Journey to 1,000 nodes for IBM Cloud Private
--
Kubernetes is becoming more mature and the size of a single Kubernetes cluster is growing from hundreds of nodes to thousands of nodes.
This article documents the enablement of IBM Cloud Private, which is based on Kubernetes, to support 1,000 nodes in one single cluster.
Test Environment
IBM Cloud Private 2.1.0.2 (Kubernetes 1.9.1), released in March 2018, was used to test 500 nodes in one single cluster.
Four types of nodes were used in the IBM Cloud Private scalability cluster:
- Master Node: This type of node uses processes such as resource allocation and state maintenance to control worker nodes in a cluster. Master nodes primarily run Kubernetes core services such as apiserver, controller manager and scheduler. They also run lightweight services such as auth service and catalog service.
- Management Node: This type of node is optional. It hosts management services such as monitoring, metering, and logging. When you implement management nodes, you help prevent the master node from becoming overloaded.
- Proxy Node: This type of node is primarily used to run the ingress controller. Use of a proxy node enables you to access services inside IBM Cloud Private from outside of the cluster.

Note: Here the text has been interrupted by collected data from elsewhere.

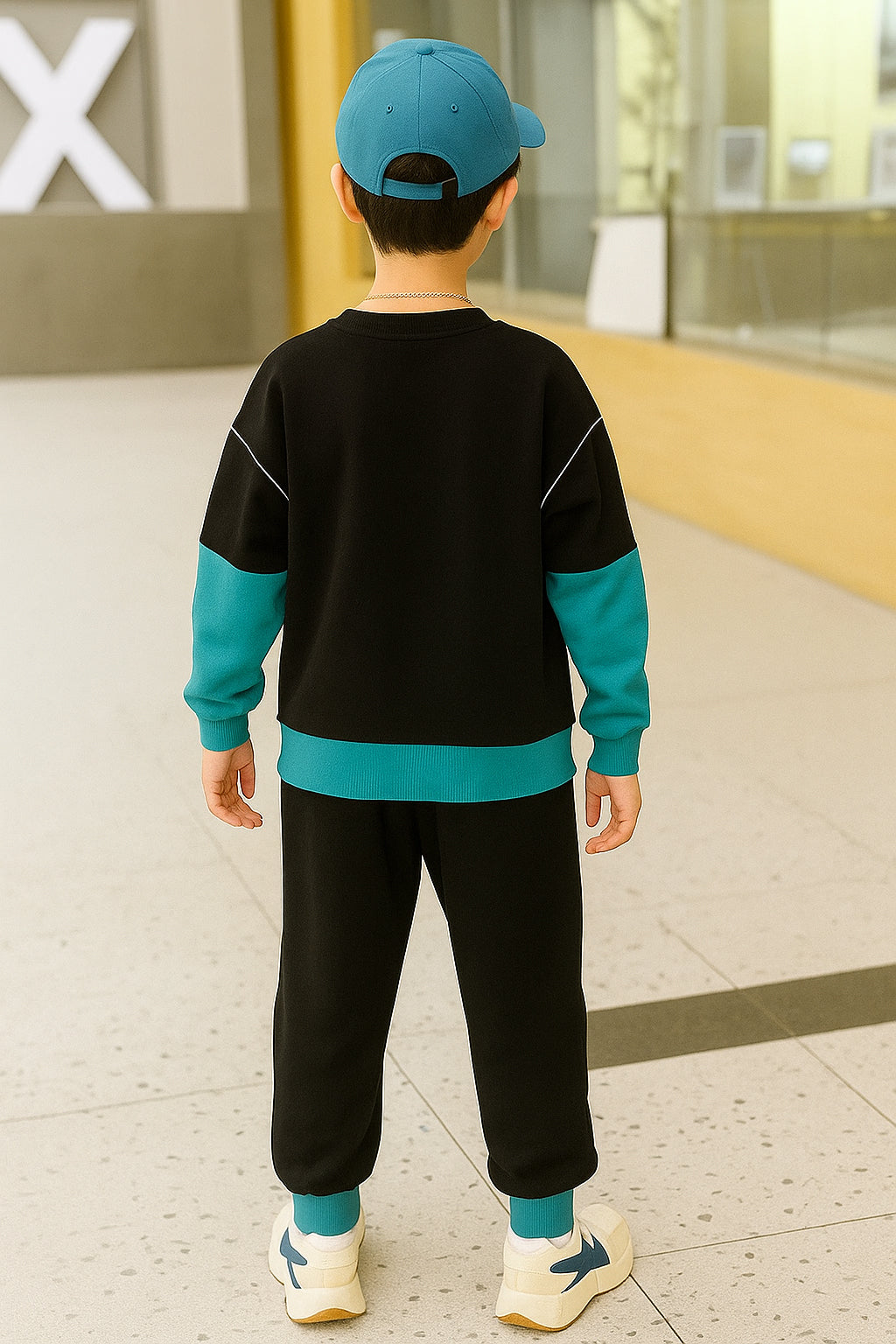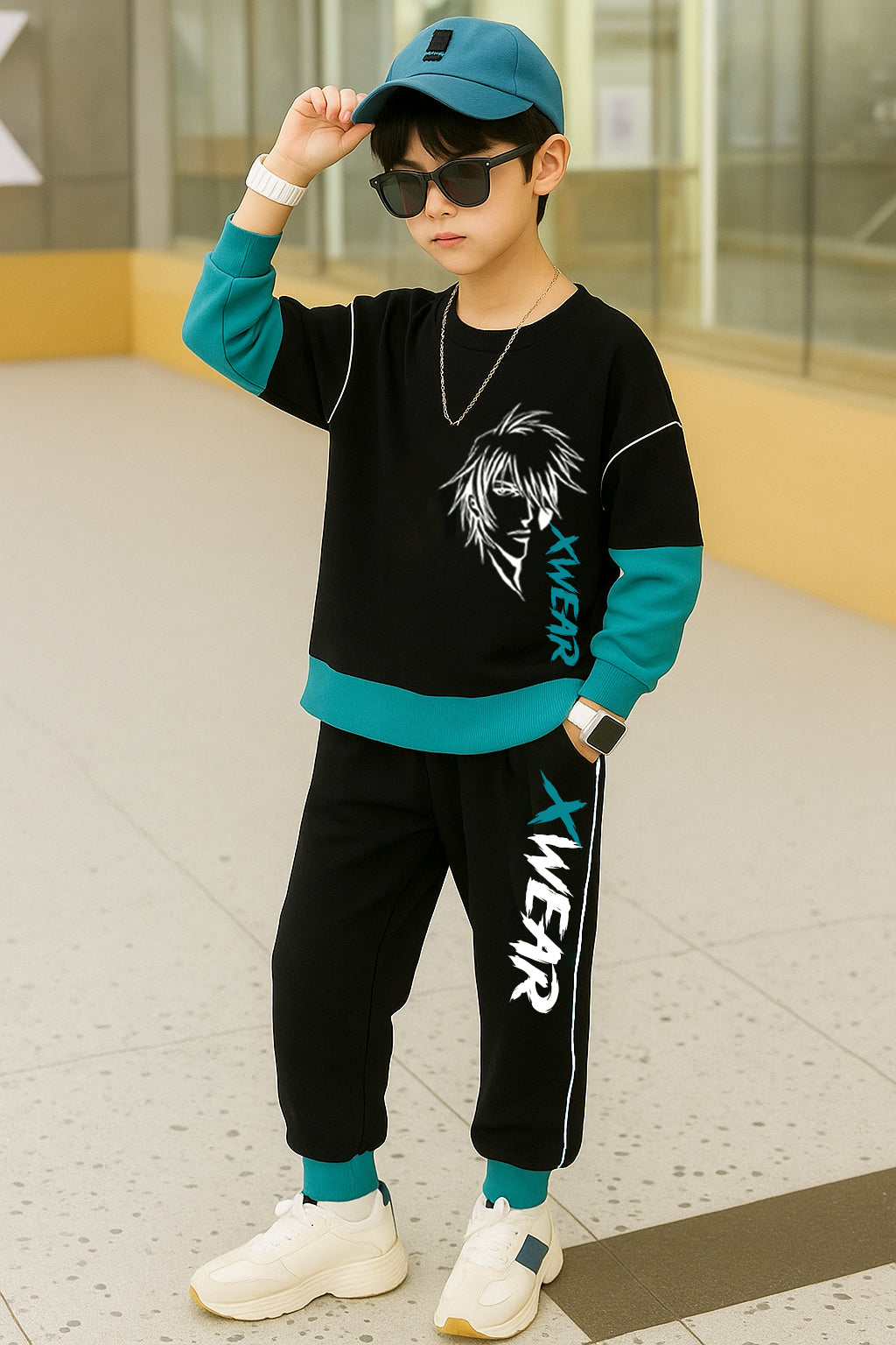 Upgrade your child’s wardrobe with this stylish kids clothing set for boys, featuring a cool XWEAR printed tracksuit design. Made from soft and breathable cotton fabric, this outfit ensures all-day comfort while keeping your little one looking fashionable. The black and teal color-block design adds a modern, sporty vibe, making it perfect for casual outings, playtime, or everyday wear.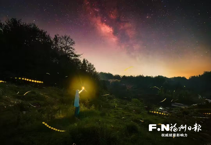 萤火虫在岭头村的山林间翩跹起舞,将蜿蜒山径幻化成流淌的星河。陈建信摄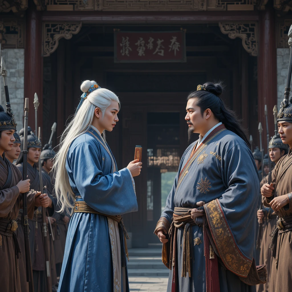 Но есть сцена с неудачной попыткой Ичэня нагрянуть с обыском в поместье министра доходов; её и отображу. Привратник - справа.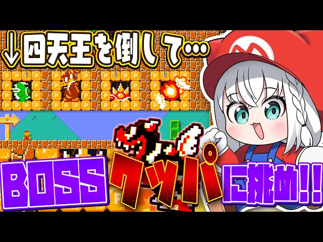 フブキがマリオメーカー2でリベンジ!以前クリアできなかった勇者ステージを見事クリアし、クッパをワンパンKO!SUPERNOVAの演奏ステージやFNAF風ステージもクリア。次回はキラー&ころねコースに挑戦予定!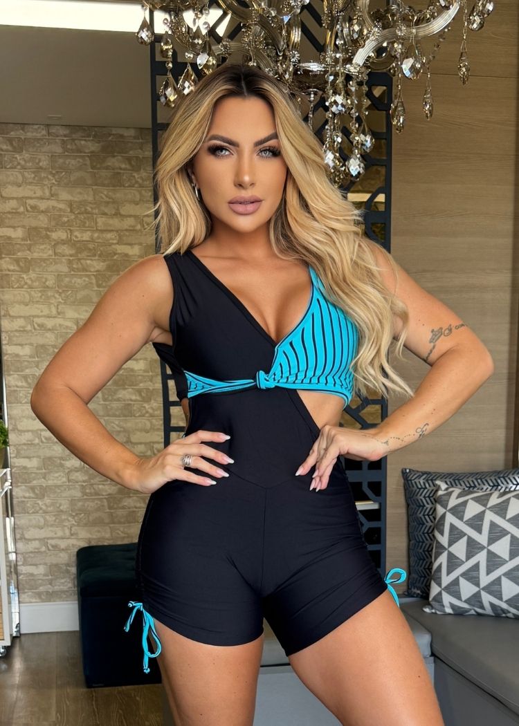 Macaquinho Fitness Preto e Azul Listrado com Decote Aberto Empina Bumbum Zero Transparência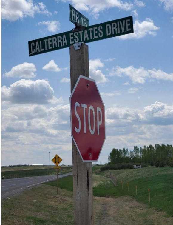 Take Deerfoot to Township Rd 262 (West). Follow TWP Rd 262 until Range Rd 13. Turn RIGHT (North) on RR 13 and follow until Calterra Estates Dr. Turn LEFT on Calterra Estates Drive and make another LEFT on Calterra Court.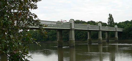 Kew Railway Bridge spans the River Thames in London, England, between Kew and Strand-on-the-Green, Chiswick. The bridge, which was given Grade II listed structure protection in 1983, was designed by W. R. Galbraith and built by Brassey & Ogilvie for the London and South Western Railway. The bridge is part of an extension to the latter company's railway line from Acton Junction to Richmond. The bridge was opened in 1869 and consists of five wrought iron lattice girder spans of 35 metres each. The cast iron piers are decorated in three stages. During the second world war a pillbox was built to guard it on the south end, along with an open enclosure to fire an anti-tank gun from.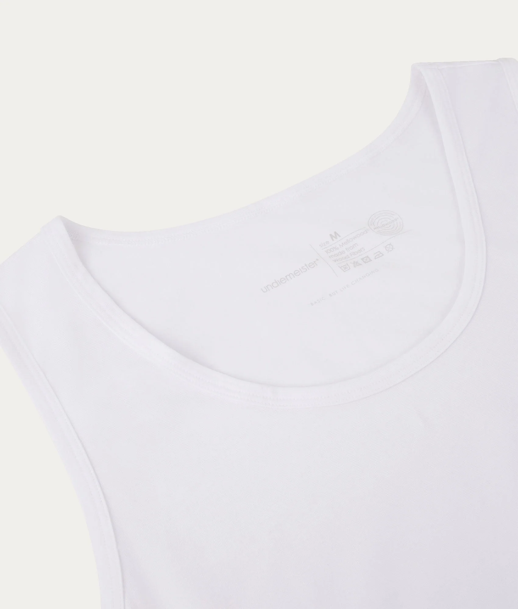 Bij Undiemeister geloven we niet in fast fashion. Elk product dat we maken moet bijdragen aan een wereld met minder verspilling en meer kwaliteit. Daarom is de witte slim fit tanktop: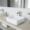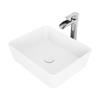 VIGO Marigold 14-in W x 18-in L White Matte Stone Rectangle Vessel Bathroom Sink with Niko Faucet/Drain - Chrome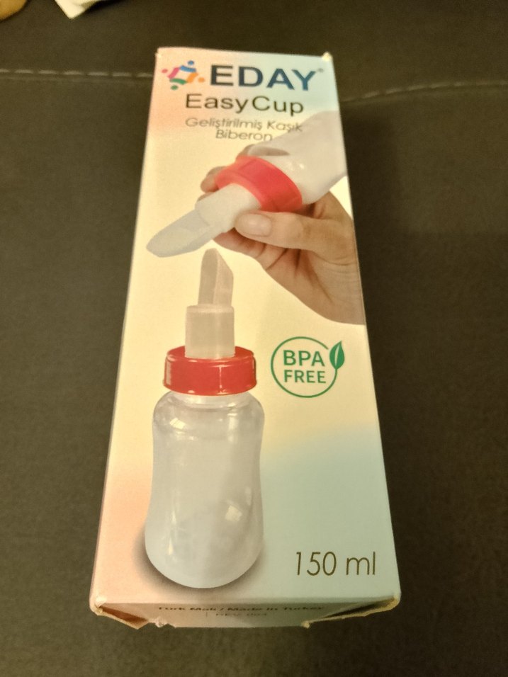 CEDAY EasyCup 150 ml kapasiteli, BPA'sız ve kullanımı kolay başlıklı renkli bebek biberonu. yeni sayılır denendi sadece

- Worker Node: This type of node works as a Kubernetes agent that provides an environment for running user applications in a container.
The environment included implementation of the following:
- Container networks managed by Calico
- Calico used Node-Node-Mesh to manage Border Gateway Protocol (BGP) routers
- Calico version 2.6.6 was installed and used etcd Version 2
- One etcd cluster was shared by both Kubernetes and Calico.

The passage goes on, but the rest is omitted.